The origins of Alkemion's Crucible

The Origins of Crucible

I love brainstorming new scenarios, sourcebooks or backstories. Starting with a blank page, setting some constraints, adding random pieces, finding connections, and pulling the thread until something cool emerges. This process is one of my favorite parts of practicing RPGs. It can almost be a game in itself. After all, solo roleplaying is built upon this brainstorming and writing feedback loop.

I started RPGs in 1989 and played for an uninterrupted period of 12 years, with 2 to 4 game sessions per week. Then life and priorities changed, and I completely stopped for twenty years. I only started looking into RPGs again during the pandemic, which I think has been a pretty common pattern. I discovered a whole new world of games, creators, software, and habits. It was amazing, and quite overwhelming.

I began writing scenarios again, for my own pleasure, and for a medieval fantasy campaign I started in the first COVID year with my son and a few friends as players (and that is still ongoing).

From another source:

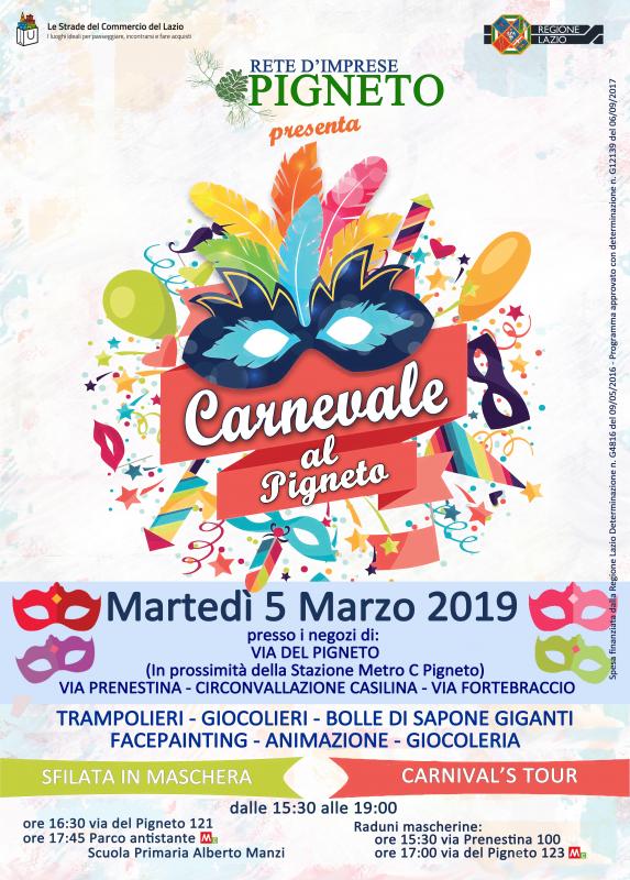 Punto di partenza del Carnival’s tour alle ore 16:00 in via Prenestina 100 di fronte Sinergy per poi procedere attraverso via di Circonvallazione Casilina e via di Fortebraccio tra sorprese, giochi e trucchi sparsi tra i negozi dell’area. A seguire la mini sfilata in corrispondenza di Via del Pigneto in prossimità della Stazione Metro C. I bambini proseguiranno poi fino al parco ludico antistante la Scuola Primaria Alberto Manzi, dove alle ore 18:00 si svolgerà la minisfilata di chiusura del Carnevale 2019.
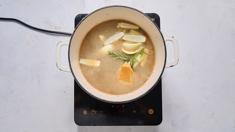 Add the rosemary, thyme, salt, pepper, fennel, Parmesan rind, and chicken stock to the pot. Reduce the heat to low, cover, and simmer until reduced to about 1 cup of liquid, about 40 minutes.

A couple of years ago, I discovered Justin Alexander’s blog “The Alexandrian” (I’m late to the party on this one, like for a lot of other RPG things). The series of posts on node-based design blew me away. By their own merits, of course, but also because they articulated the way I have always been conceptualizing and structuring the content I wrote for my own games in my brainstorming sessions. I’m sure others felt that way by reading these essays.

My background is in software engineering, and as far as I can remember, I’ve always intuitively viewed RPG module writing with an object-oriented approach. Software development concepts such as reusability, modularity, and inheritance always seemed to fit perfectly. In my early RPG years, I filled tons of handwritten pages with content “building blocks” that I could use and reuse between scenarios and campaigns.

Reading Justin Alexander’s essays and discovering how popular they were, I felt a kind of “approval” in this nerdy way of thinking and writing modules. And I think that’s all I needed to unlock some desire I had for a while to build an application around this concept.

Object-oriented design was the first half of what I wanted to incorporate into the project. Brainstorming and crafting modules is a very enjoyable experience for me, and I suspect for many others. I wanted the application to enable its users to find and emulate those creative gears that made this process fun for them.

Then my son played a crucial role in turning these ideas into a real project cumulating tens of thousands of lines of code over ten months. As a young self-taught software engineer, he was looking for a first solid project to consolidate and practice what he learned. And even though we both code in the project, the most complex parts and the overall architecture were his doing. While I brought my experience and a piece of the product vision, he quickly and naturally became the technical lead and the first code contributor.

As I’m writing this post, we've only started a closed beta with a few users willing to crash-test what is still a very young application. We're excited about the future. We have strong and fun ideas for what could be next on the roadmap, and user feedback and suggestions will heavily influence the process. We've merely built the foundations, and we're eager to see where this path leads, together.